== DATASET

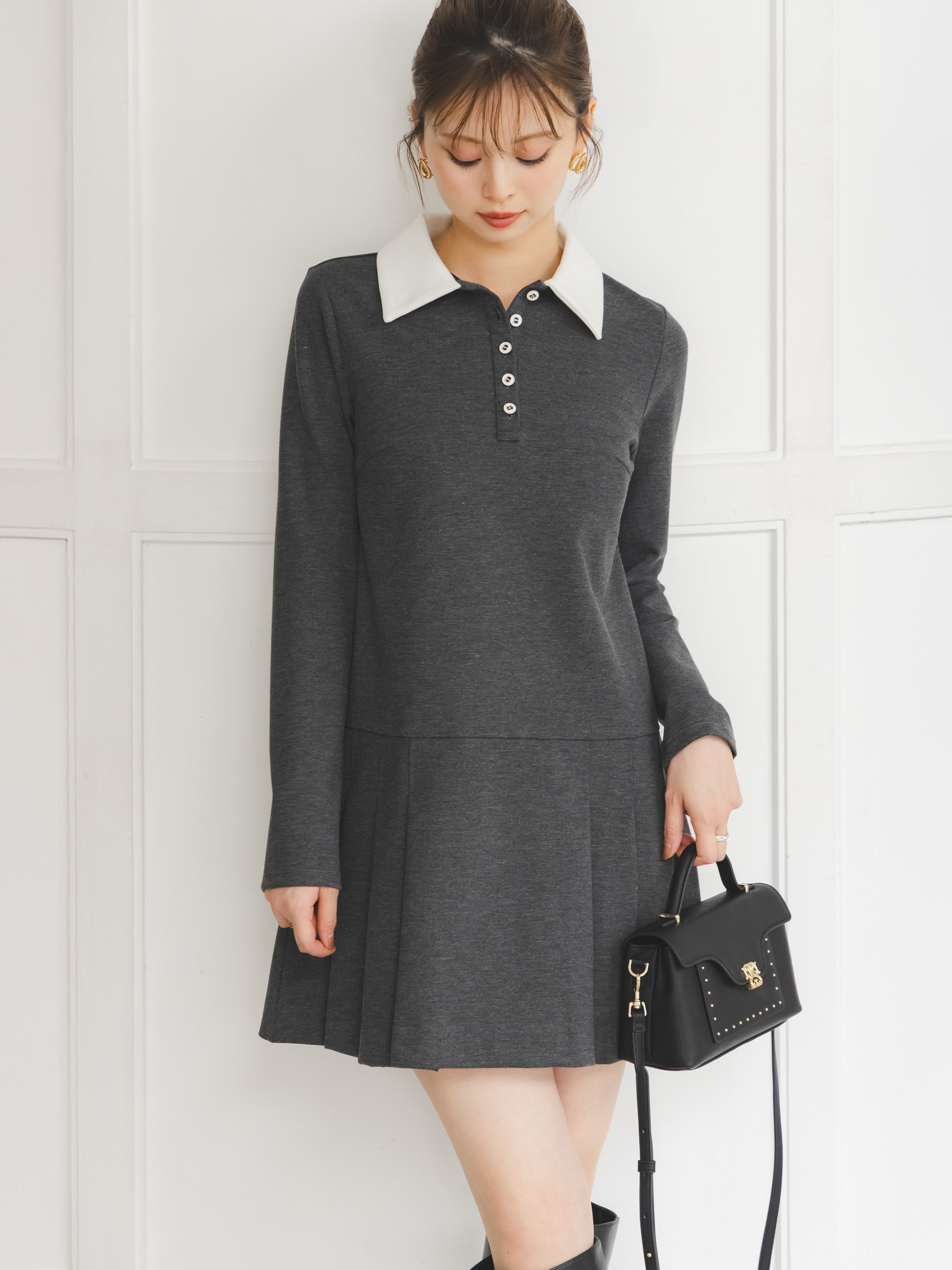 Introducing this collared dress crafted from thick, stretchy jersey fabric. Available in three colors, gray and black feature white collars and buttoned epo. The green color is the only color that's the same. The cut-out below the waist creates a boxy silhouette with a balanced silhouette perfect for this season. It flatters the figure while creating a flattering silhouette. The pleated side hem adds a touch of elegance. Simply unbutton the front and pull it on for easy on and off.
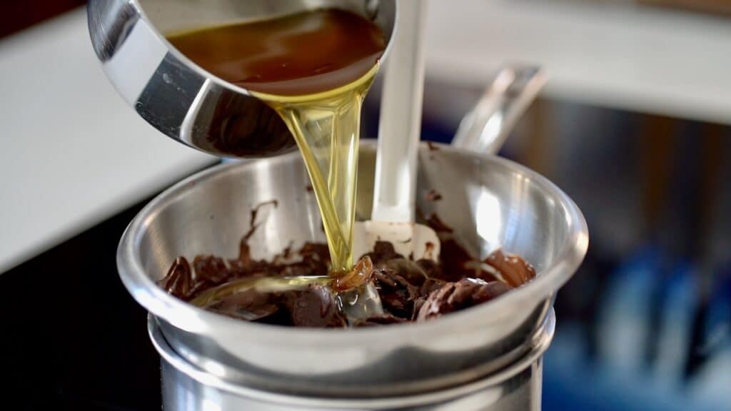 - In a small saucepan, melt cocoa butter alone on low heat. Meanwhile, begin to melt dark chocolate over a bain-marie (the simmering water should not touch the bowl). Pour the melted cocoa butter in the dark chocolate.
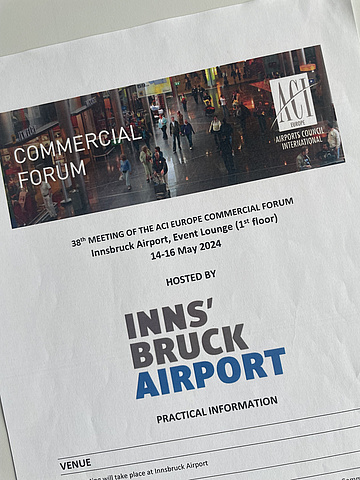 Von 14. Bis 16. Mai 2024 war das ACI (Airports Council International) EUROPE Commercial Forum zu Gast am Flughafen Innsbruck. Zum 38. Mal trafen sich rund 50 Vertreterinnen und Vertreter von ACI EUROPE sowie den Flughäfen Wien, Zürich, Athen, Frankfurt uvm., um sich über Non-Aviation Projekte in der Branche und zukünftige Entwicklungen auszutauschen.
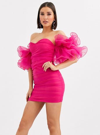 Club L London Extreme Ruffle Sleeve Ruched Mini Bardot Dress In Fuschia ($103)
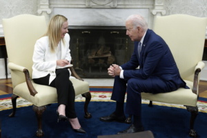 Così la premier Giorgia Meloni nell’incontro nello Studio Ovale con Joe Biden. “Le nostre relazioni sono storicamente forti, superano i governi e restano solide indipendentemente dal colore politico”. “Voglio porgere le mie condoglianze a tutti coloro che nel Mediterraneo stanno soffrendo condizioni meteorologiche estreme”., ha detto Biden nel corso del loro incontro sottolineando che lui e la premier “sono diventati amici”.
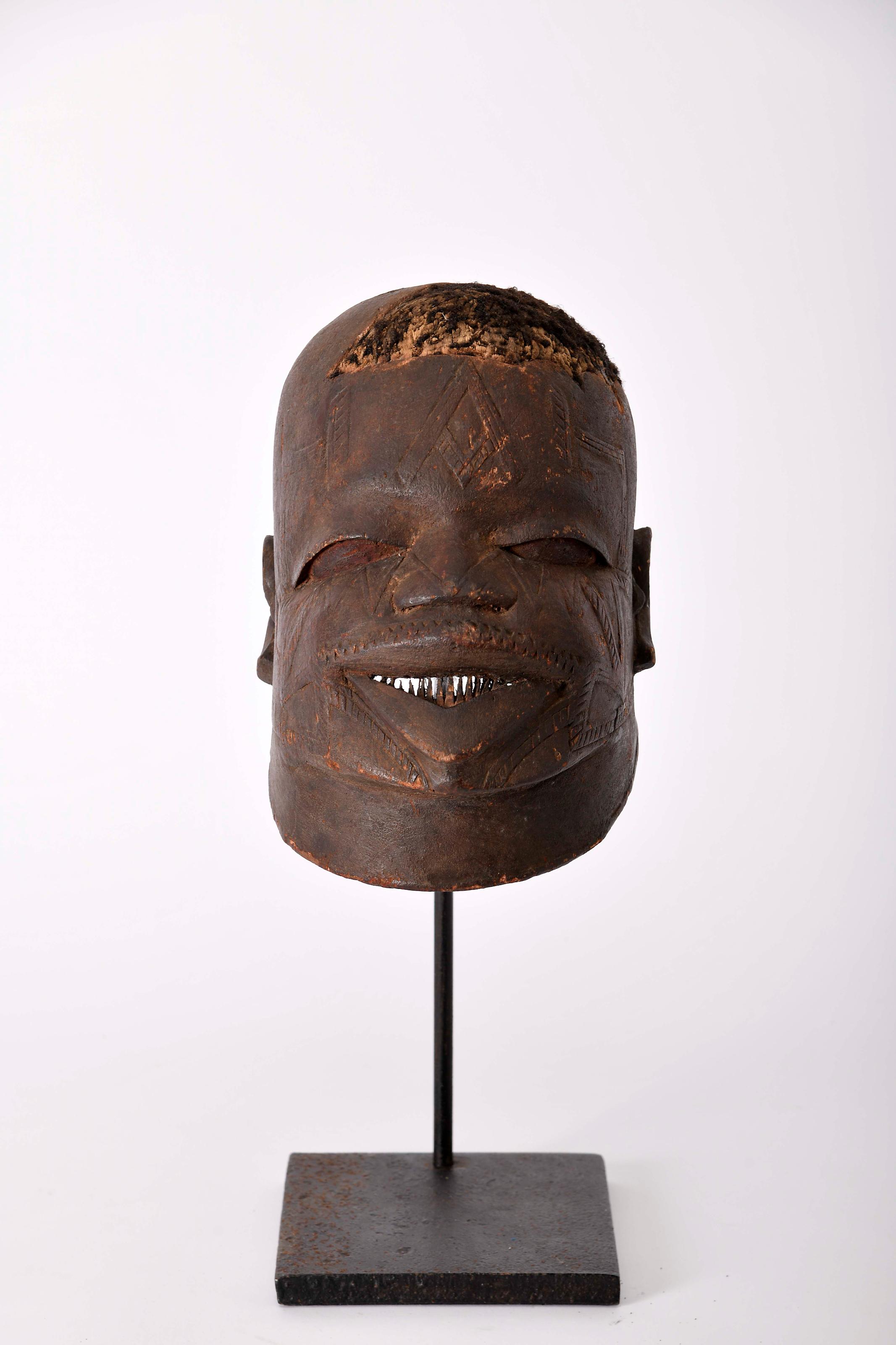 Máscara Lipiko madeira leve esculpida, sulcada e patinada com vestígios de pintura cabelo humano Moçambicana - Maconde séc. XX (anos 40/50) falta de cabelo, pequenas faltas e defeitos, suporte moderno em ferro Dimensões (altura x comprimento x largura) - 27 cm
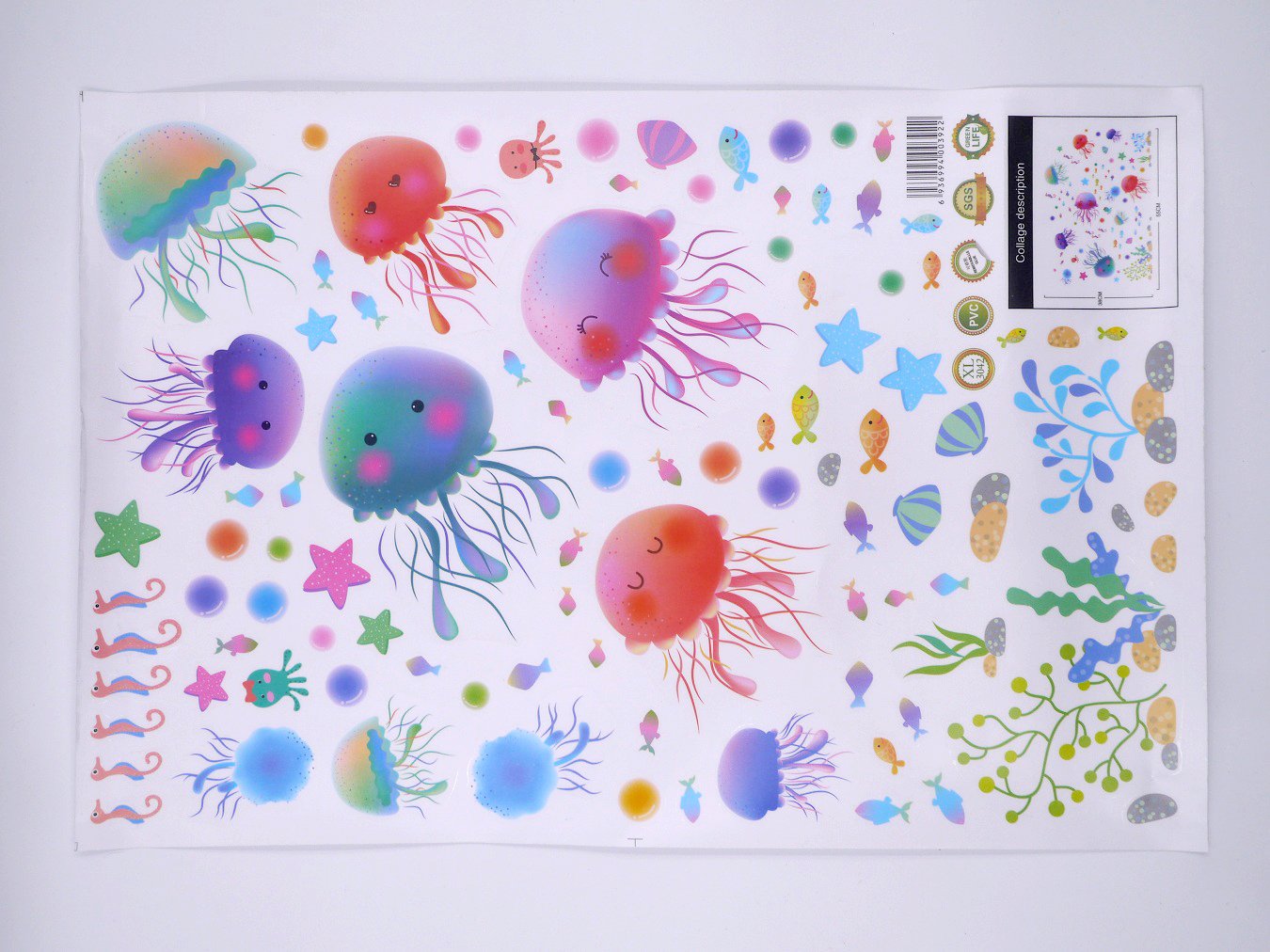 Adam Victor Removable Creative 3D Fun Fish Jellyfish Underwater World Wall Decals Kids Room Wall Decorations Art Décor Stickers Nursery Décor 3D DIY PVC Art Decal Bedroom Bathroom Sticker Xl3042 Size:18x12
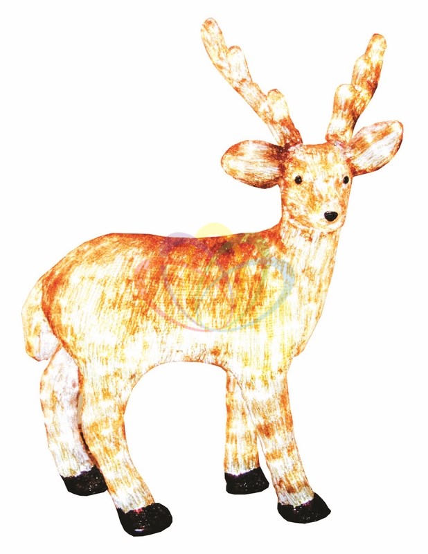 Акриловые фигуры за несколько лет вызвали большой интерес у дизайнеров и частных клиентов. С каждым годом расширяется не только ассортимент акриловых фигур, но и появляются новые технологии нанесения акрила. Эти яркие, светящиеся объемные фигуры, состоящие из металлического каркаса, акрила и светодиодов, применяются для оформления и создания новогодней атмосферы в кафе, ресторанах, торговых центрах, магазинах, на площадях и перед входом, а также просто в частных домах и квартирах. Все фигуры укомплектованы понижающим трансформатором , что обеспечивает безопасность при контактировании, а так же имеют степень защиты IP 44, что позволяет использовать их как в помещении, так и на улице. Акриловая светодиодная фигура Бурый олень высотой 100 см, светящаяся более чем 380 ярких диодов, выполнена по специальной технологии нанесения акрила имитируя шерстяной покров реального животного. Новинка этого сезона позволит Вам создать ту самую, настояющую новогоднюю атмосферу и принести сотни радостных улыбок. Можно создать более интересную композицию и сделать праздник еще ярче, если составить несколько бурых оленей вместе Бурый олень артикул 513-306
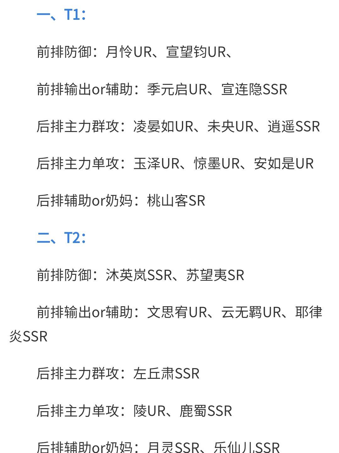 有几年回合制游戏经验,斗胆做一个强度排行,榜单盘点角色强度及站位推荐,如果有不恰当或不全面的地方欢迎指正 辅助 T0 季元启UR(小季yyds,集回血加攻加怒的万金油辅助,推荐站位1号) T1 桃山客SR(桃桃sr里的神,sr好养活,游戏内少有的全体回怒,可以说人手必养,放在3号位和季元启配合能快速给全队回怒,站位推荐3号,6号) 月灵SSR(功能性奶妈,回血量虽然不及月仙儿SSR,但是有复活有驱
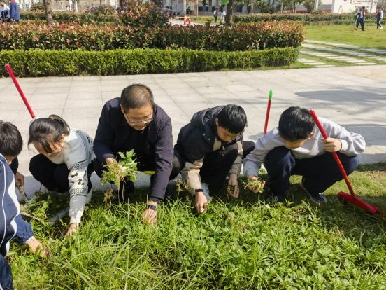 活动现场,张彦广校长率先俯身,小心翼翼地为作物拔除杂草,指尖轻捻、动作细致,生怕碰损娇嫩的幼苗;遇到隐藏在绿植缝隙间的碎纸屑、塑料袋,他便弯腰拿起垃圾夹,循着角落逐一捡拾,不放过任何一处卫生死角。
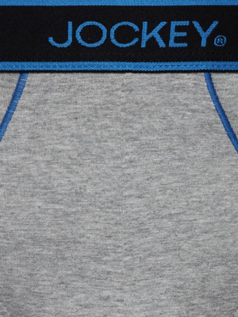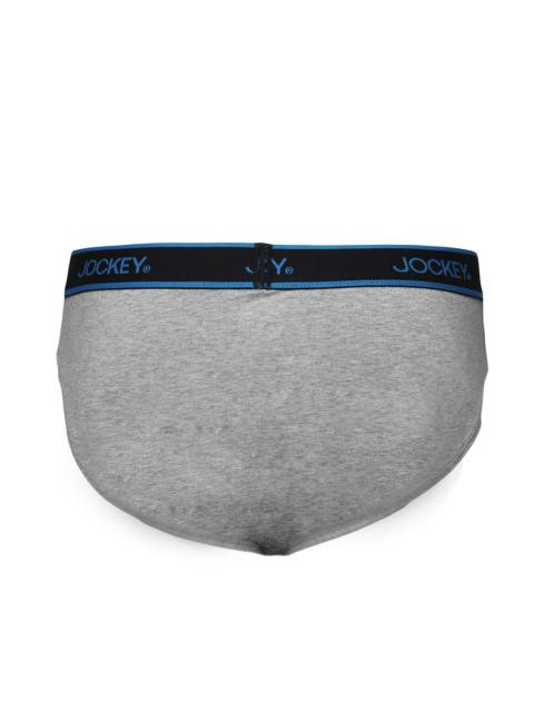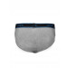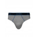 Grey bikini briefs with a double-layered front pouch, medium high leg and soft waistband with branding
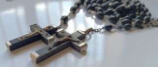 Lote 2 rosarios antiguos con crucifijo funda cuero

====

» EXERCISE:
Omitting all images, print the listing exactly.

» ANSWER:
 Introducing this collared dress crafted from thick, stretchy jersey fabric. Available in three colors, gray and black feature white collars and buttoned epo. The green color is the only color that's the same. The cut-out below the waist creates a boxy silhouette with a balanced silhouette perfect for this season. It flatters the figure while creating a flattering silhouette. The pleated side hem adds a touch of elegance. Simply unbutton the front and pull it on for easy on and off.
 - In a small saucepan, melt cocoa butter alone on low heat. Meanwhile, begin to melt dark chocolate over a bain-marie (the simmering water should not touch the bowl). Pour the melted cocoa butter in the dark chocolate.
 Von 14. Bis 16. Mai 2024 war das ACI (Airports Council International) EUROPE Commercial Forum zu Gast am Flughafen Innsbruck. Zum 38. Mal trafen sich rund 50 Vertreterinnen und Vertreter von ACI EUROPE sowie den Flughäfen Wien, Zürich, Athen, Frankfurt uvm., um sich über Non-Aviation Projekte in der Branche und zukünftige Entwicklungen auszutauschen.
 Club L London Extreme Ruffle Sleeve Ruched Mini Bardot Dress In Fuschia ($103)
 Così la premier Giorgia Meloni nell’incontro nello Studio Ovale con Joe Biden. “Le nostre relazioni sono storicamente forti, superano i governi e restano solide indipendentemente dal colore politico”. “Voglio porgere le mie condoglianze a tutti coloro che nel Mediterraneo stanno soffrendo condizioni meteorologiche estreme”., ha detto Biden nel corso del loro incontro sottolineando che lui e la premier “sono diventati amici”.
 Máscara Lipiko madeira leve esculpida, sulcada e patinada com vestígios de pintura cabelo humano Moçambicana - Maconde séc. XX (anos 40/50) falta de cabelo, pequenas faltas e defeitos, suporte moderno em ferro Dimensões (altura x comprimento x largura) - 27 cm
 Adam Victor Removable Creative 3D Fun Fish Jellyfish Underwater World Wall Decals Kids Room Wall Decorations Art Décor Stickers Nursery Décor 3D DIY PVC Art Decal Bedroom Bathroom Sticker Xl3042 Size:18x12
 Акриловые фигуры за несколько лет вызвали большой интерес у дизайнеров и частных клиентов. С каждым годом расширяется не только ассортимент акриловых фигур, но и появляются новые технологии нанесения акрила. Эти яркие, светящиеся объемные фигуры, состоящие из металлического каркаса, акрила и светодиодов, применяются для оформления и создания новогодней атмосферы в кафе, ресторанах, торговых центрах, магазинах, на площадях и перед входом, а также просто в частных домах и квартирах. Все фигуры укомплектованы понижающим трансформатором , что обеспечивает безопасность при контактировании, а так же имеют степень защиты IP 44, что позволяет использовать их как в помещении, так и на улице. Акриловая светодиодная фигура Бурый олень высотой 100 см, светящаяся более чем 380 ярких диодов, выполнена по специальной технологии нанесения акрила имитируя шерстяной покров реального животного. Новинка этого сезона позволит Вам создать ту самую, настояющую новогоднюю атмосферу и принести сотни радостных улыбок. Можно создать более интересную композицию и сделать праздник еще ярче, если составить несколько бурых оленей вместе Бурый олень артикул 513-306
 有几年回合制游戏经验,斗胆做一个强度排行,榜单盘点角色强度及站位推荐,如果有不恰当或不全面的地方欢迎指正 辅助 T0 季元启UR(小季yyds,集回血加攻加怒的万金油辅助,推荐站位1号) T1 桃山客SR(桃桃sr里的神,sr好养活,游戏内少有的全体回怒,可以说人手必养,放在3号位和季元启配合能快速给全队回怒,站位推荐3号,6号) 月灵SSR(功能性奶妈,回血量虽然不及月仙儿SSR,但是有复活有驱
 活动现场,张彦广校长率先俯身,小心翼翼地为作物拔除杂草,指尖轻捻、动作细致,生怕碰损娇嫩的幼苗;遇到隐藏在绿植缝隙间的碎纸屑、塑料袋,他便弯腰拿起垃圾夹,循着角落逐一捡拾,不放过任何一处卫生死角。
 Grey bikini briefs with a double-layered front pouch, medium high leg and soft waistband with branding
 Lote 2 rosarios antiguos con crucifijo funda cuero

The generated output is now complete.